I realized that it does not feel at all personal for me. How often do we pray that our children, friends, colleagues, neighbors, strangers on the border, or soldiers and refugees in a far away land can actually feel that they are loved -- truly, viscerally loved, deeply held, completely protected and defended.

How many times have I felt empty and bereft of love in my own life? Too often. But no matter how loudly it feels like that emptiness is echoing in the cavity of my longing, it is not true. And I can know it is not true. In fact, I can actually prove that it is not true.

For example: I, myself, am filled with love.  Even though it may not feel that it is coming at me, or towards me -- from someone else at that particular moment -- but it is always radiating from within me. My love for my daughters, my love for beauty, my love for honesty, goodness, innocence.

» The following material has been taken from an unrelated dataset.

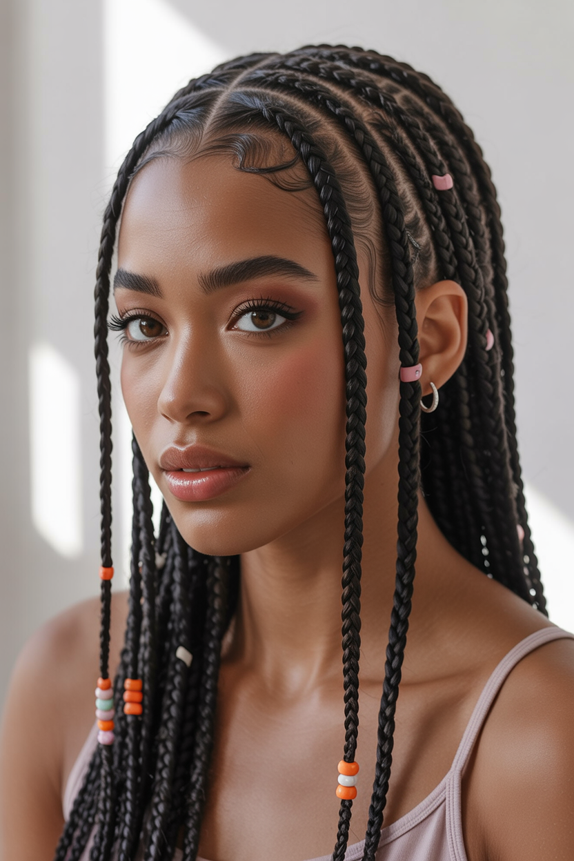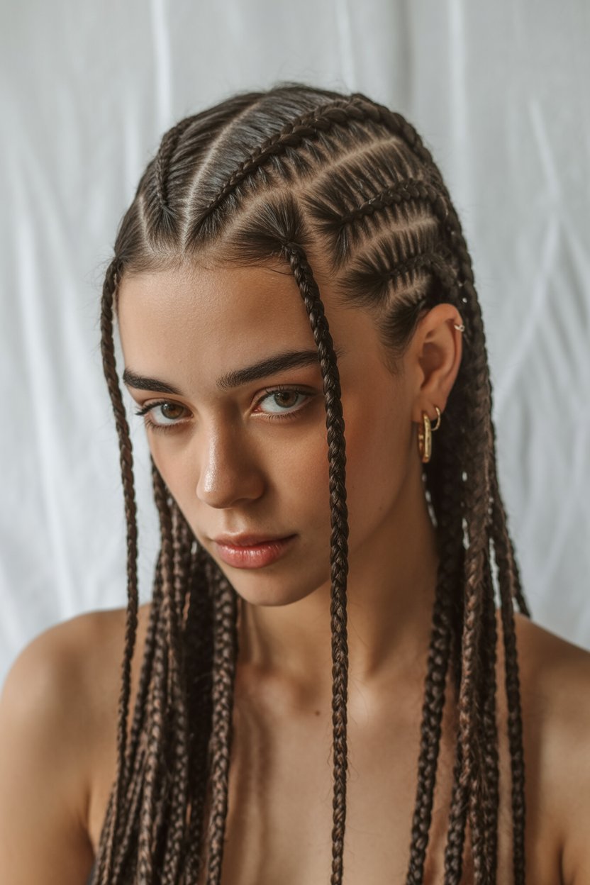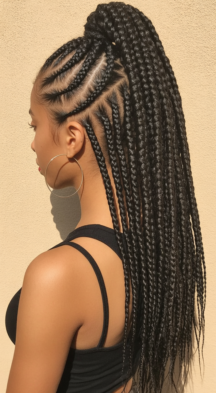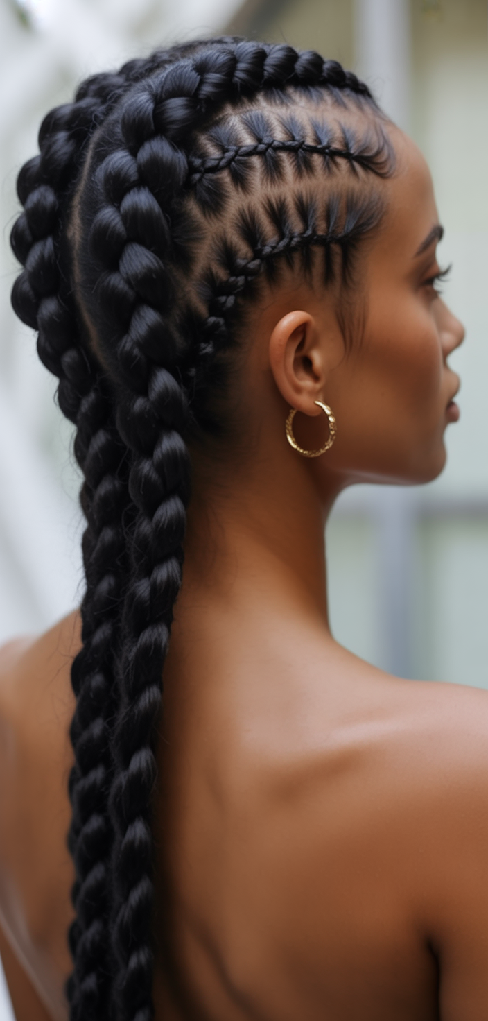 This hairstyle is a marriage of side-brushed stitch all cornrows precision and the carefree innocent beauty of unplanned braids. There’s something undeniably modern about it — like you’re effortlessly tuned into 2025 style without trying too hard. The braids tuck in without any trouble and allow your bone structure to show and the length gives it that effortless drama.

These are always there -- ready to be called up as a reminder that I am not "without love" in my life.  This is consciousness of the presence of Love, is the I AM of divine Being.

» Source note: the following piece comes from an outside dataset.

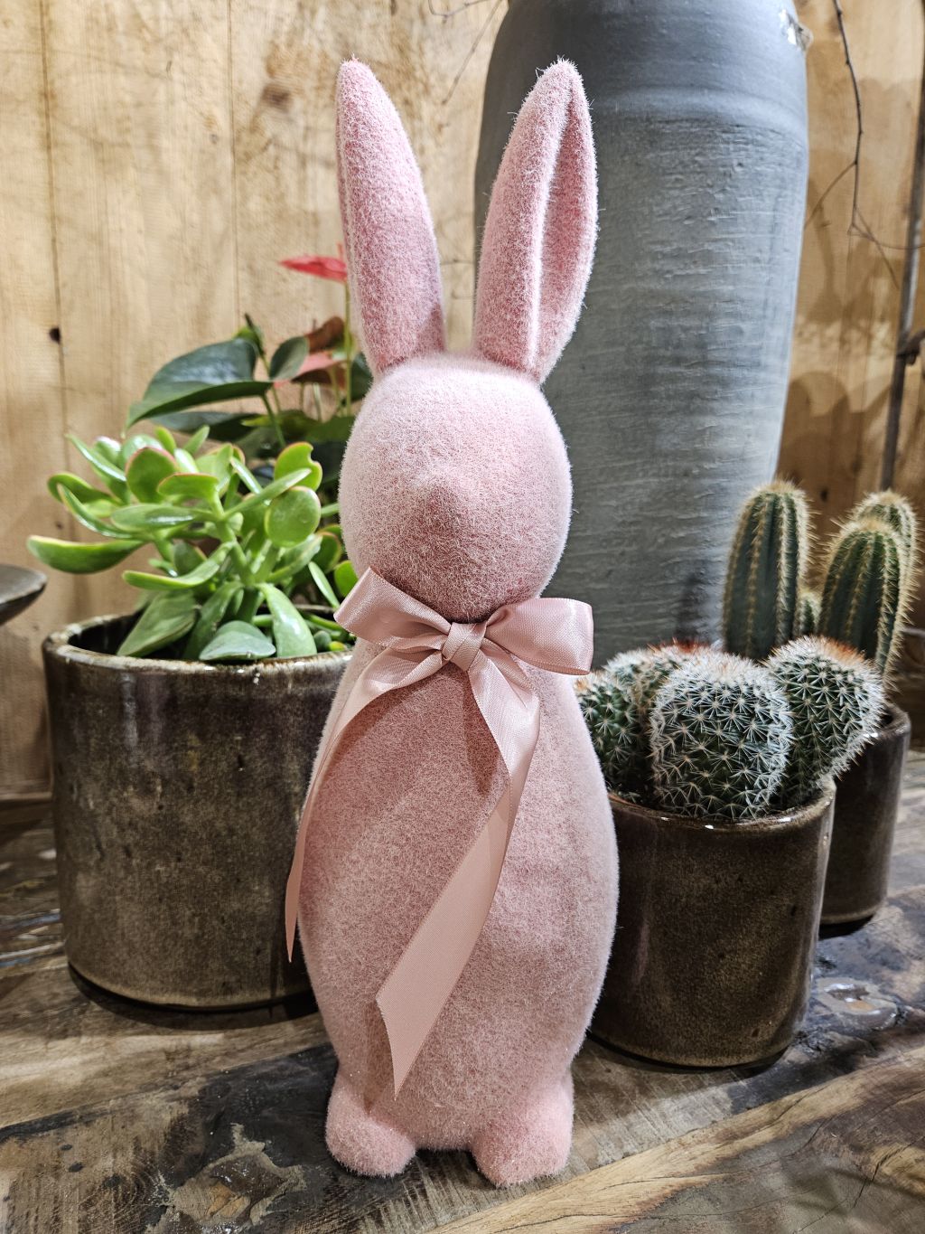 Chlpatý zajko v tmavoružovej farbe. Výška 40cm. Polystyrén.

Mary Baker Eddy gives us such clear direction in our search for identity, belonging, an invariable sense of who we are in the world -- and how we fit -- when she wrote:


“How shall we reach
our true selves?

Through Love."
 
What God -- divine Love -- says about me, or you, is all that matters. Everything else that might be said about us is lovely -- or not. Whether those voices are from others, or just the false voices that hiss in the night.  Either way, they don't matter.  They can just as easily bring us joy and comfort one minutes -- and the next, drive us to our knees with the weight of insecurity and self-doubt. They are fickle and unreliable sources.

But we are not limited by those voices of admiration -- or dismissal.  We each have the right to ask ourselves, where is this "message" of grandeur or smallness, belonging or emptiness, success or failure, love or fear -- coming from. If God isn't saying it to us -- we can question it.  We can decide to sit with those feelings a little longer, and let them instruct us in compassion, or we can listen more deeply until we hear the voice of divine Love reminding us:


“you are not alone,

what I say about you
is all that matters,
and you are Mine..."
 
It is enough to lift us up, to dissolve our fears, to humble our ambitions, to walk us forward...

offered with Love,


Kate


1 comment:

  1. Thank you.. As every today, today also woke up feeling lost, abandoned, confused, and after sitting with those uncomfortable emotions for some time, was able to lay them aside and start the day.. This post really speaks to my heart and gives hope. Thank you for writing this piece.